**Problem description**.
Print the data once more, exactly as given. Drop the pictures.

**Collected data**.
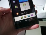 Over the way at Samsung’s hall-sized stand there is no shortage of electronic trinkets for the hoards to eyeball — indeed, as per usual, the Samsung stand positively heaves with gizmos (and hoards). But its latest bauble is not there. The SGS5 is being displayed in a separate viewing area for media only. Sorry, suits.
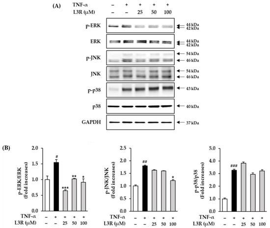 Effect of L3R on TNF-α-induced protein expression associated with inhibition of mitogen-activated protein kinases (MAPKs) phosphorylation in normal human dermal fibroblasts (NHDFs). (A) Cells were treated with 25, 50, and 100 µM L3R for 1 h and then exposed to 20 ng/mL TNF-α for 15 min. The phosphorylated bands were analyzed by immunoblotting for phospho-ERK, ERK, phospho-JNK, JNK, phospho -p38, p38, and GAPDH. (B) The graphs show the fold-increase in the phosphorylation of MAPKs compared to the untreated group. Data are presented as mean ± SEM (n = 3). # p < 0.05, ## p < 0.01, and ### p < 0.001 compared with the control group and * p < 0.05, ** p < 0.01, and *** p < 0.001 compared with the TNF-α-treated group.
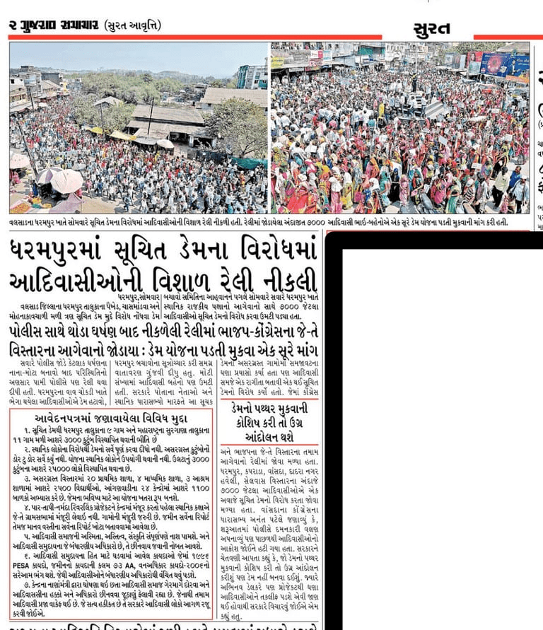 Gujarat Thousands of tribals gather on Monday, Feb 28, 2022 to oppose the proposed dam in Dharampur, Valsad district of Gujarat. Even some Congress and BJP leaders also joined and warned the govt against going ahead with the dam. (Gujarat Samachar March 1 2022)

**Exercise answer**.
 Over the way at Samsung’s hall-sized stand there is no shortage of electronic trinkets for the hoards to eyeball — indeed, as per usual, the Samsung stand positively heaves with gizmos (and hoards). But its latest bauble is not there. The SGS5 is being displayed in a separate viewing area for media only. Sorry, suits.
 Effect of L3R on TNF-α-induced protein expression associated with inhibition of mitogen-activated protein kinases (MAPKs) phosphorylation in normal human dermal fibroblasts (NHDFs). (A) Cells were treated with 25, 50, and 100 µM L3R for 1 h and then exposed to 20 ng/mL TNF-α for 15 min. The phosphorylated bands were analyzed by immunoblotting for phospho-ERK, ERK, phospho-JNK, JNK, phospho -p38, p38, and GAPDH. (B) The graphs show the fold-increase in the phosphorylation of MAPKs compared to the untreated group. Data are presented as mean ± SEM (n = 3). # p < 0.05, ## p < 0.01, and ### p < 0.001 compared with the control group and * p < 0.05, ** p < 0.01, and *** p < 0.001 compared with the TNF-α-treated group.
 Gujarat Thousands of tribals gather on Monday, Feb 28, 2022 to oppose the proposed dam in Dharampur, Valsad district of Gujarat. Even some Congress and BJP leaders also joined and warned the govt against going ahead with the dam. (Gujarat Samachar March 1 2022)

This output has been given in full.